Your task:
Leaving out all pictures, write down exactly the lines from the one containing "Блузка-сорочка подовжена з" through the last line of the material.

Provided material:
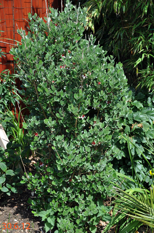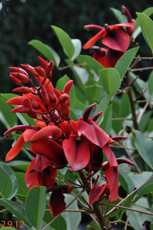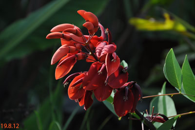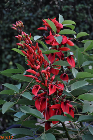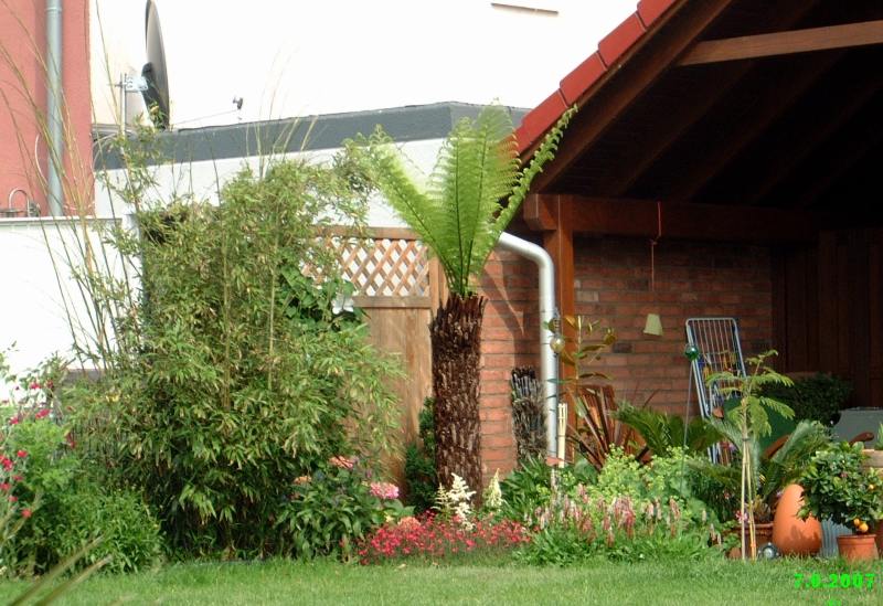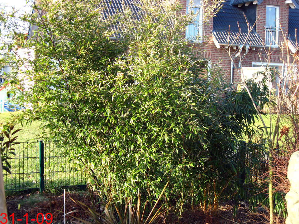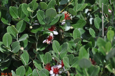 Paeonia suffruticosaPhyllostachys nigraAuch der Bambus hat nach dem Winter 08/09 viele Blattschäden, erholt sich aber und treibt Ende April neue Halme. Phyllostachys vivax aureocaulisDer letztes Jahr mit etwas über 1m Höhe gepflanzte Vivax hinten rechts) hat den 4 Jahre alten P. nigra (vorne links) bereits überholt. Bin gespannt wie schnell der weiter in die Höhe schießt... Magnolia grandiflora (no name)Albizzia julibrissin 'Summer chocolate'Nach dem harten Winter 08/09 hatte ich schon Befürchtungen die Albizze könnte erfroren sein, da zumindest die Astspitzen ziemlich tot aussahen, aber siehe da, die "Summer chocolate" lebt und beginnt auszutreiben. Pinus pineaCamelia "Lady Campbell"Aspidistra elatior (Schusterpalme)Der erste Wintereinbruch im Dezember 2009 mit -12,7°C machte der Pflanze wie es scheint nichts aus. Phormium tenaxPhormium tenax "purpureum"Nach dem Winter 09/10 nicht wieder ausgetrieben Ravenala madagascariensis (Baum der Reisenden)CallistemonAcca sellowiana - Ananas-Guave - (O.Berg) BurretDieser immergrüne Baum, der eher wie ein Busch wirkt, stammt aus der Familie der Myrtengewächse und erreicht eine Größe von etwa 4-5m. Ursprünglich stammt diese Pflanze aus Südamerika, wo sie überwiegend in Südbrasilien, Nordargentienien Paraguay und Uruguay vorkommt. Auffällig ist ihr auf der Oberseite sehr kräftiges dunkelgrünes Laub, dass einen starken Kontrast zu den silbrig-weißen Blattunterseiten bildet. Sowohl die Blüten, wie auch die Früchte sind essbar. Die stark duftenden Früchte sollen an eine Mischung aus Erdbeere und Ananas erinnern und sehr schmackhaft sein. Die Angaben zur Winterhärte dieser schönen Pflanze sind sehr unterschiedlich. So findet man meist Erfahrungsberichte im Internet, die ihr eine Frosthärte zwischen -8 bis -12°C zugestehen. Es gibt aber auch Berichte, wonach sie auch wesentlich tiefere Temperaturen überlebt haben soll, wenn auch unter totaler Defoliation. Weitere Infos: http://de.wikipedia.org/wiki/Brasilianische_Guave 30.6.12 Nach meinen bisherigen Erfahrungen übersteht die Ananasguave Winter mit bis zu -15°C mit einem Vliesschutz. Allerdings verliert sie dabei zumindest teilweise ihre Blätter, die aber im Frühjahr recht schnell wieder austreiben. Den letzten Winter hat meine Acca zumindest etwa die Hälfte der Blätter behalten und sieht dieses Jahr sehr schön voluminös aus und bildet eine Menge Blüten. Arbutus unedo - Erdbeerbaum - L.Erdbeerbäume gehören zu den Heidekrautgewächsen. Die Gattung Arbutus umfasst 10-11 Arten. Der A. unedo gehört zu den westlichen Erdbeerbäumen und kommt im Mittelmeerraum und an der Atlantikküste bis nach Irland vor. Auffällig ist sein rötlicher Stamm, von dem im Laufe der Zeit oft die Rinde abplatzt und ihm dadurch ein typisches Aussehen verleiht. Es handelt sich um immergrüne Bäume - auch oft strauchartig, die rötliche, an Erbeeren erinnernde Früchte (Beeren) tragen. Die Früchte sind essbar, sollen aber eher mehlig und nicht sehr schmackhaft sein. Die Frosttoleranz ausgepflanzter Exemplare soll bei kurzfristig etwa -8°C liegen. Auch tiefere Temperaturen soll er überstehen können, allerdings unter Blattverlust und Zurückfrieren. Senna didymobotrya, syn. Cassia didymobotrya, (geflügelter Kerzenstrauch)Sennas gehören zur Unterfamilie der Johannisbrotgewächse (Caesalpinioideae) innerhalb der Familie der Hülsenfrüchtler (Fabaceae). Sennas kommen überwiegend in den Tropen vor, einige wenige Arten auch in gemäßigten Gebieten. S. didymobotrya stammt ursprünglich aus tropischen Gebieten Afrikas und wächst dort als immergrüner, etwa 3m hoher Strauch (teilweise auch bis 6m). Leider ist die Pflanze nicht winterhart und sollte im Herbst rechtzeitig vor dem ersten Frost eingeräumt werden. Man kann sie entweder kühl (möglichst nicht unter 10°C) und relativ trocken (niemals austrocknen lassen) überwintern, oder z.B. in einem Wintergarten durchkultivieren. Bei entsprechendem Licht- und Wärmeangebot blüht sie bis auf eine Pause im Februar/März fast das ganze Jahr durch. Grundsätzlich ist die Senna sehr pflegeleicht und stellt keine besonderen Ansprüche an den Boden (normale Pflanzenerde). Sie mag einen sonnigen Platz und sollte stets feucht gehalten werden. Bei kühler Überwinterung sollte man die Pflanze entweder im Herbst beim Einräumen oder im Frühjahr wenn der erste Austrieb sichtbar wird etwa um die Hälfte zurückschneiden, dabei aber niemals in altes Holz schneiden, da sie daraus nur noch spärlich austreibt. Duchkultivierte Pflanzen brauchen nur ausgelichtet zu werden. Verblühte Blüten sollten entfernt werden, dadurch bilden sich schneller neue Blüten. Die meisten Cassiaarten sind bei Verzehr giftig. Einige Arten werden zur Arzneimittelherstellung verwendet. Erythrina crista-galli C.v. Linné (Korallenbaum)E. crista galli ist wohl der bekannteste Korallenbaum. Seine Heimat liegt in Brasilien, Paraguay, Uruguay und Argentinien (Nationalbaum). Er gehört zur Unterfamilie der Schmetterlingsblütler (Fabaoideae) in der Familie der Hülsenfrüchtler ( Fabacae). Oft wird er auch als Korallenstrauch bezeichnet, was wahrscheinlich daran liegt, dass er hier in unserem Klima fast ausschließlich als Kübelpflanze gehalten wird und dann auch nur etwa eine maximale Höhe von 3m erreicht, obwohl es sich in Wirklichkeit um einen Baum handelt. Oder handelt es sich bei der im Handel meist angebotenden Sorte "compacta" tatsächlich um eine kleinbleibende Zuchtform? Nicht nur die Blüten, die dem Baum den Namen gegeben haben (crista-galli= Hahnenkamm) sind wegen ihrer intensiv roten Färbung sehr auffallend, sondern auch der Rest der Pflanze. Die Wurzeln sind stark verdickt und knollig, ebenso wird der Stamm mit zunehmendem Alter dick und knorrig, so dass er an Weinstöcke erinnert. Aus dem Stamm bilden sich an "schlafenden Knospen" Zweige von denen die Blatttriebe abgehen aus denen sich dreifiedrige Blätter entwickeln. Die Zweige sind stark bedornt, so dass man dem Kor
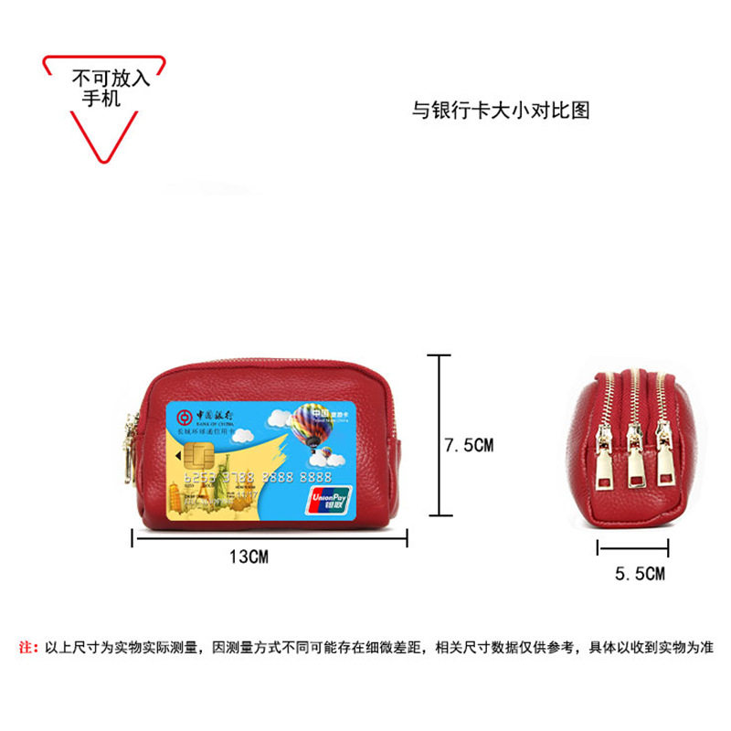 2021 new European and American first layer cowhide three-layer fashion mini coin purse leather hand grab bag key bag clutch bag
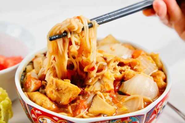 山藥面用的新鮮山藥,打碎成漿,混合小麥粉制成,爽滑勁道,易煮不糊湯,不易坨。
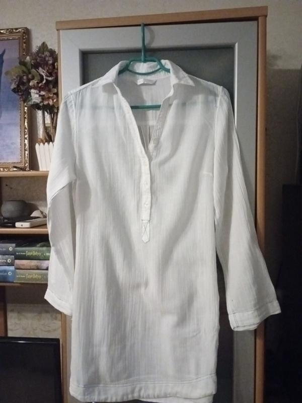Блузка-сорочка подовжена з натурального матеріалу Коттон .жатка.дуже легка і ніжна,поясок ззаду.розмір довжина 85 див. ПОГ 36 див. ПІТ 50см по низу 56см. рукав від плеча 58 див.
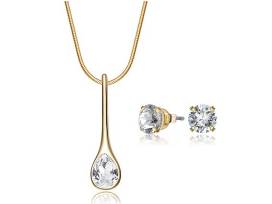 Necklace with Teardrop-cut crystal drop pendant, 12K gold plating snake chain with spring ring clasp
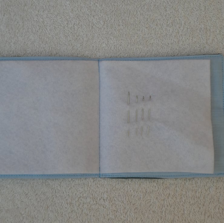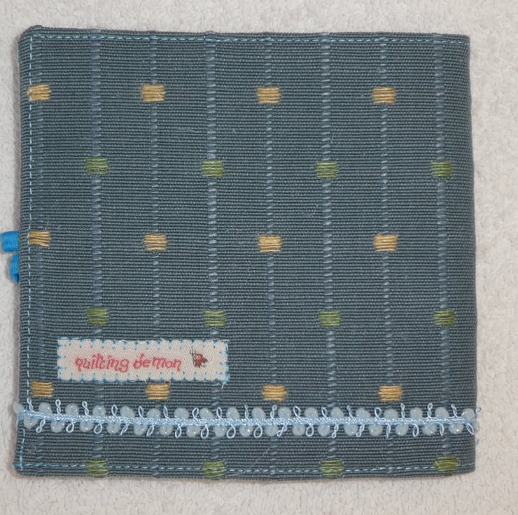 I have created this lovely sewing needle case from a lovely upholstery weight print cotton. It has an applique decorative panel and embellished with braid. The needle case is lined in a plain blue cotton fabric, has interfacing for structure and has a felt insert to keep your needles safe. The case has a printed wooden button and elastic to close, and is top stitched for a professional finish. The needles shown in the picture are included.
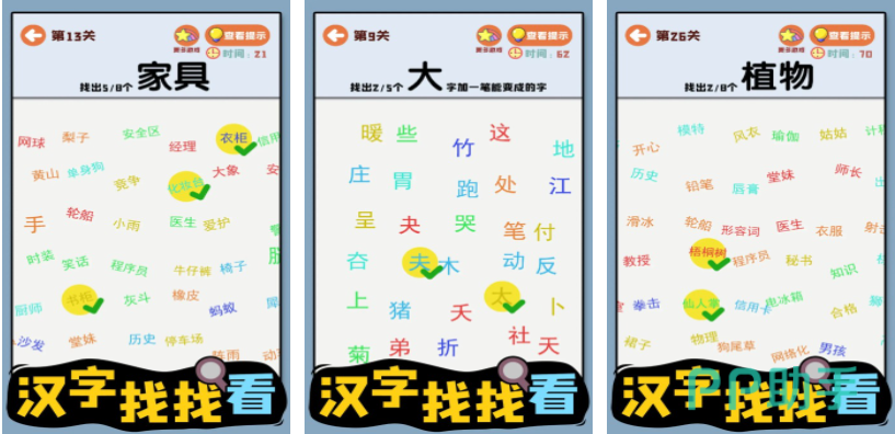 在字里找字的游戏往往对玩家的专注力和观察力是一种考验,面对密密麻麻的数字想找出任务标注的目标谈何容易,那么和字找出12个字游戏前五名情况怎么样?下文这几款字里找字的手游可玩性极高,多元化的关卡无疑会给玩家普及一些汉字的知识,觉得自己视力较好的小伙伴不妨挑战一下。

Response area:
Блузка-сорочка подовжена з натурального матеріалу Коттон .жатка.дуже легка і ніжна,поясок ззаду.розмір довжина 85 див. ПОГ 36 див. ПІТ 50см по низу 56см. рукав від плеча 58 див.
 Necklace with Teardrop-cut crystal drop pendant, 12K gold plating snake chain with spring ring clasp
 I have created this lovely sewing needle case from a lovely upholstery weight print cotton. It has an applique decorative panel and embellished with braid. The needle case is lined in a plain blue cotton fabric, has interfacing for structure and has a felt insert to keep your needles safe. The case has a printed wooden button and elastic to close, and is top stitched for a professional finish. The needles shown in the picture are included.
 在字里找字的游戏往往对玩家的专注力和观察力是一种考验,面对密密麻麻的数字想找出任务标注的目标谈何容易,那么和字找出12个字游戏前五名情况怎么样?下文这几款字里找字的手游可玩性极高,多元化的关卡无疑会给玩家普及一些汉字的知识,觉得自己视力较好的小伙伴不妨挑战一下。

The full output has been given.